During the 1990s several western states completed gap analyses on a state-based model. That is, each state developed and compiled vegetative land cover, WRMS and land stewardship GIS data layers for their own state. Along with the traditional gap analysis, vegetation land cover and WRMS GIS datasets were distributed as stand-alone products on CD-ROM to be used by planners and land managers.

The Southwest Regional Gap Analysis Project (SWReGAP) is the first formalized cooperative gap analysis project to be conducted at a regional level, and includes the states of Arizona, Colorado, New Mexico, Nevada and Utah. The 5-state region encompasses approximately 560,000 square miles. SWReGAP follows the state-based business model by dividing some responsibilities and funding among individual state teams. However, in order to assure standardization across the region, four fundamental measures have been undertaken. First, regional laboratories have been established to provide direction and develop protocols that are to be followed by cooperating states.

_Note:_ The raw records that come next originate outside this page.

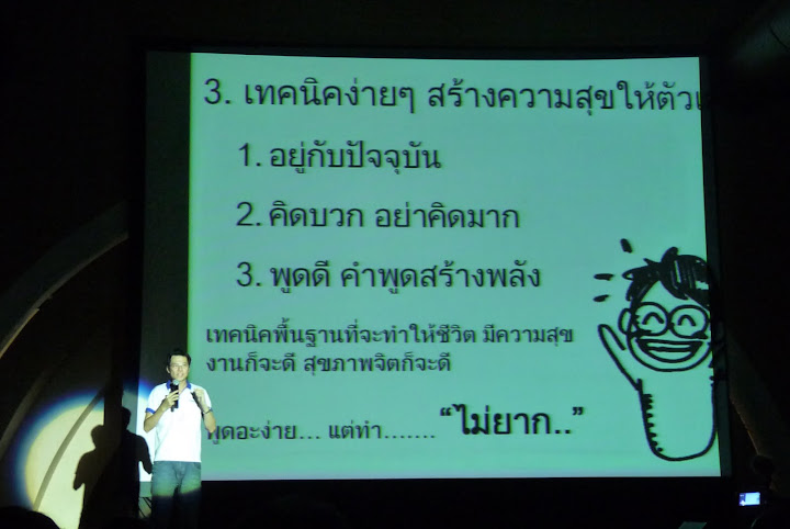 เทคนิคข้อที่ 3 คือพูดดี คำพูดสร้างพลัง ต้องพูดว่า “ผมทำได้” แล้วเราจะรู้สึกถึงพลังของความเป็นไปได้ หันไปพูดกับคนข้างๆว่าเราจะทำมันได้ แล้วมันจะเป็นไปได้
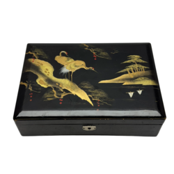 | Omschrijving | Gelakt zwart Japans sieradenkistje met goudkleurig decor van kraanvogels in waterlandschap, interieur gevuld met bijouterieën |
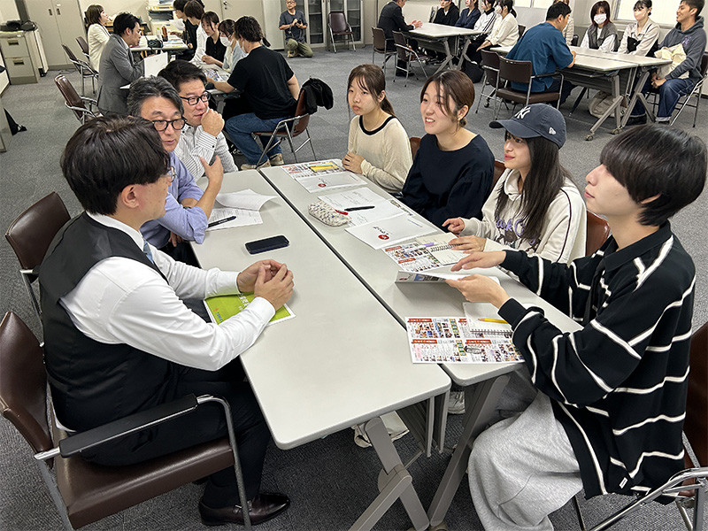 これは経営学科の中西孝平准教授が中西ゼミの3年生を対象に企画したイベントで、就職活動を目前に控えたこの時期に、県内中小企業の経営者とざっくばらんに語り合うことを通して、自身のキャリアについて考えるきっかけとすることを目的としています。中西ゼミのキャリア教育としては、10月3日の「就職活動体験談(3・4年生合同ゼミ)」、10月13日の「大手企業と語る会」に次ぐ第3弾にあたります。
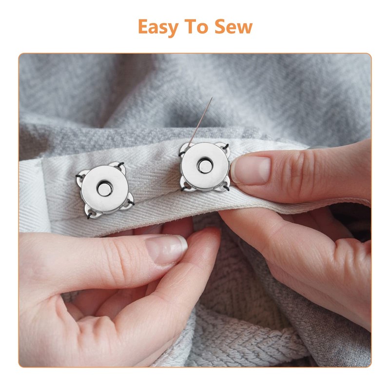 - Easy sewing: with this magnetic buckle, you need to sew it to your clothes with a needle thread and then fold it up to hold them together. This style will not damage your clothes.

For vegetative land-cover mapping, the regional lab is at Utah State University, while the animal modeling regional lab is at New Mexico State University. Second, all states are using the same source data for image classification and land cover mapping. These data include Landsat TM 7 imagery for three seasons (spring, summer and fall) for the entire region. Two hundred and forty TM scenes from 1999, 2000 and 2001 were purchased through the Multi-Resolution Landscape Characteristics program at USGS Eros Data Center. Ancillary data for the 5-state region includes 30 meter DEMs and derivatives (slope, aspect, landform). Third, a single target land cover legend for the 5-state region has been established and is being coordinated by NatureServe (formerly with the The Nature Conservancy). The legend is based on the National Vegetation Classification System (NVCS), recommended as the standard by the FGDC for federally funded vegetation mapping projects (FGDC 1997). Fourth, rather than divide the region by political boundaries (i.e. state lines) mapping responsibilities are distributed among the five states along ecological and physiographic boundaries. In order to facilitate the remote sensing based mapping, the 5-state region has been divided into 73 ecologically meaningful mapping zones (Figure 1), which have been subsequently divided into five regions of state responsibility.

Land Cover Mapping Methodology

Remote sensing-based mapping using satellite imagery is the most feasible method for mapping large geographic areas such as the 5-state region in this project. Since the 1970s remote sensing scientists and land cover mapping practitioners have been developing new and better techniques for remotely sensed-based mapping. An important contribution of the gap analysis program to the remote sensing-based mapping discipline has been the development of a variety of methodologies for land cover mapping (Eve and Merchant 1998). Various methodologies have been employed through many state-based GAP projects, as well as other large landscape mapping projects. Eve and Merchant (1998) conducted a survey of land cover mapping protocols used by state-based projects in the Gap Analysis Program. Recommendations from the Eve and Merchant report provided the foundation upon which many of the methodologies for the Southwest Regional GAP project were developed.

Stratifying the landscape by physiographic and ecological characteristics provides an effective means to 1) improve the efficiency by which spectral modeling, and ultimately land cover mapping can be accomplished and 2) partition the landscape into manageable working units. Spectral classification of satellite imagery involves the effective identification of spectral gradients resulting from the variability of physiographic and phenologic variables, ground variability, as well as solar and atmospheric influences within and between remotely sensed imagery. Stratifying the landscape based on similar physiographic and ecological characteristics provides a means by which spectral differentiation is maximized within areas of uniform ecological characteristics. Lillisand (1996) refers to these units as "spectro-physiographic areas" or "spectrally consistent classification units (SCCUs)." Within the SWReGAP project these ecoregional units are referred to as mapping zones (Figure 1).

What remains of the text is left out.